La conférence organisée par la FIM, le Symop et le Cetim à la Maison de la Mécanique jeudi 30 novembre a réuni près d’une centaine de personnes auxquelles se sont ajoutées 157 vues via le Facebook Live mis en place.

Bruno Grandjean, Président de la FIM, a noté en introduction l’importance croissante de la robotique dans la mutation industrielle en cours. La parole a été donnée à 4 chefs d’entreprise qui ont expérimenté le programme ROBOT Start PME et deux experts qui les ont accompagnés dans leur cheminement.*

Landry Maillet (Directeur ABCM), Sylvie Casenave-Péré (Présidente Posson Packaging), Elisabeth Klein (Directrice administrative et financière-responsable qualité CFT Industrie), Jacques Leblais (Président Aluminium Ferri), Thierry Rollet (expert coach de ROBOT Start PME) et Philippe Levesque (expert) ont ainsi à tour de rôle pris la parole.

Parmi les impacts notables de la robotisation, ont été cités pêle-mêle : le changement d’image des métiers industriels aux yeux des jeunes, l’amélioration des conditions de travail, le management et la dimension humaine de la modernisation.

"Nous voulons préparer l’arrivée des jeunes dans l’entreprise.
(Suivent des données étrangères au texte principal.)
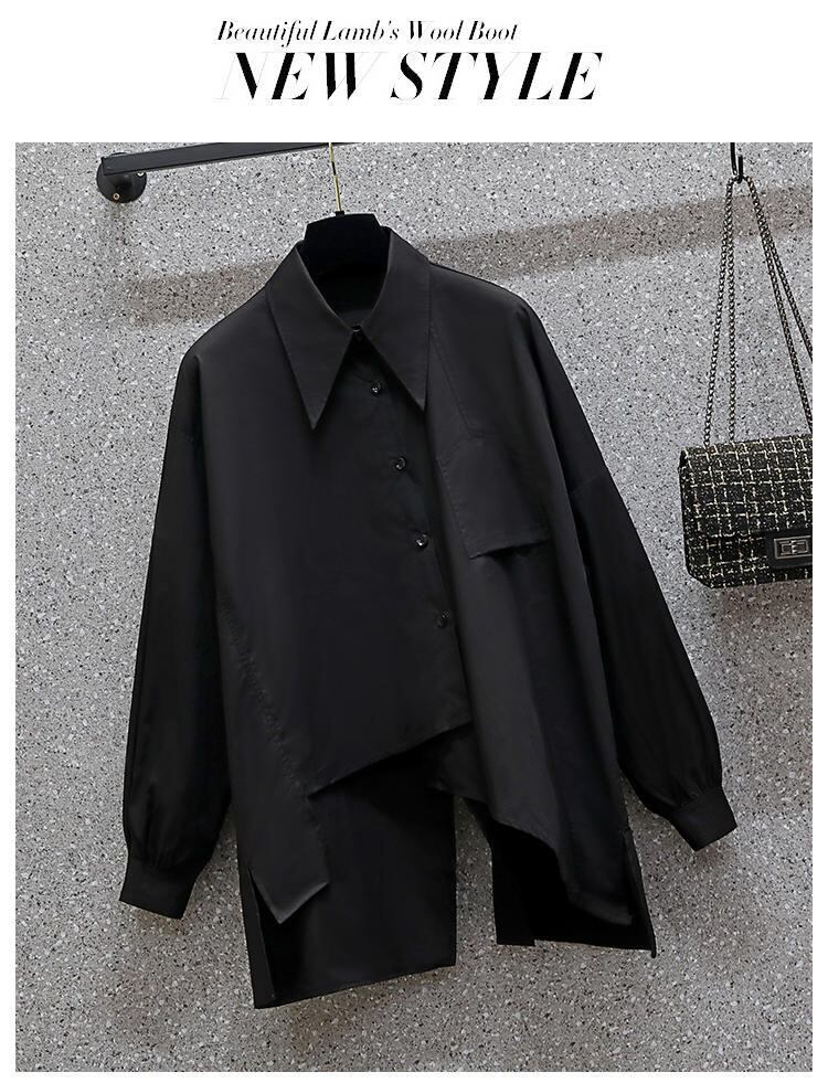 プラスサイズの婦人服、不規則なニッチ、お腹を覆う薄い層のシャツ2023春の新しい太った姉妹の無地のシャツ レッド 大きめサイズ スプリング 春物 ソリッドカラー 8884133068917526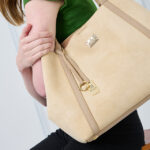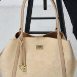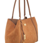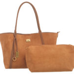 Features: Tote Bag | Shoulder Bag | Faux-Suede | Charm | Pouch | Fully Lined Interior | Snap Closure | Zip Closure | Double Handles

L’ambition, c’est de moderniser l’outil, en même temps que le cadre de travail. Le robot est l’un des moyens", explique Landry Maillet, Directeur de la société vendéenne ABCM, très sensible à l’opportunité d’attirer à nouveau les jeunes vers l’industrie. ABCM a été aidée dans son changement par un expert, Philippe Levesque, qui dit avoir "requalifié le besoin de l’entreprise" et qui insiste sur "la question de confiance entre l’entreprise et lui".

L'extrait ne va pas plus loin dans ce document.